I guess what gets me here is that Dungeons and Dragons has to do with a fantasy world and things that obviously don’t exist. It has nothing to do with reality, it is, indeed, just a game. You are not any more a wizard than you are a robber if you are playing cops and robbers as a child.
What amazes me is that we spend so much time on assuming that if there are wizards and sorcerers in the game there must be some kind of mystical metatext that will slowly erode the will of our children when we can see, clearly, the work of Satan in our modern world. Our children are listening to hip hop music that glorifies sex, drugs, and materialism, and does so by promoting such things IN THE REAL WOLRD. Our children are so poorly catechised that they get more (wrong) information about the Roman Catholic Church from movies like The Order, Stigmata, and unfortunately the upcoming DaVinci Code than from teachers that worry about showing them the faith.
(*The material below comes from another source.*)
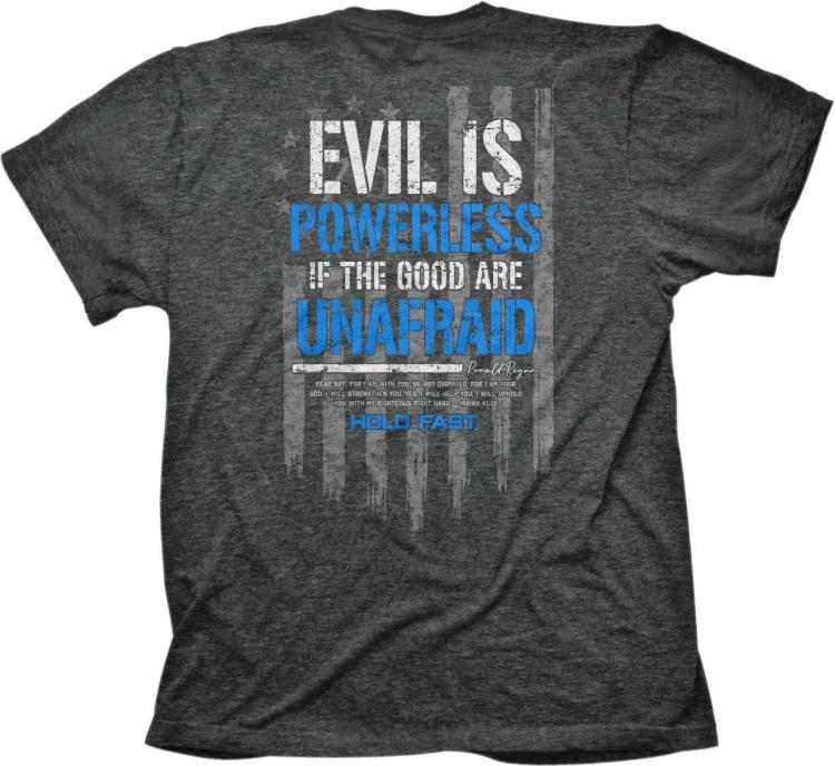 Send fear packing in this cool Evil Is Powerless Adult T-shirt by HOLD FAST in Charcoal Heather. In the face of great challenges and difficult foes, don t turn tail and run; turn to Jesus!

In a way, the reason I still play is that I can participate in story telling that still shows that good wins out over evil, and that heroes can still strive to make a difference. If D&D is wrong for using gods and magic, then using Allegory at all must be wrong. That, to me, seems to imply that all Christian art then must be firmly rooted in reality with no allusions what so ever to anything non-Christian. This doesn’t just eliminate things like Tolkien and C.S. Lewis (hey, just because Aslan was suppose to be Jesus, the fact is that you have magic, witches, and talking animals . . . none of that is in the Bible), but Shakespere, mythology, and a good deal of classical music as well, not to mention famous works of art.
Yes, some poeple can use role playing games to reinforce negative things in their lives. But people can use neutral tools to do many things of this nature in life. This is just one of them.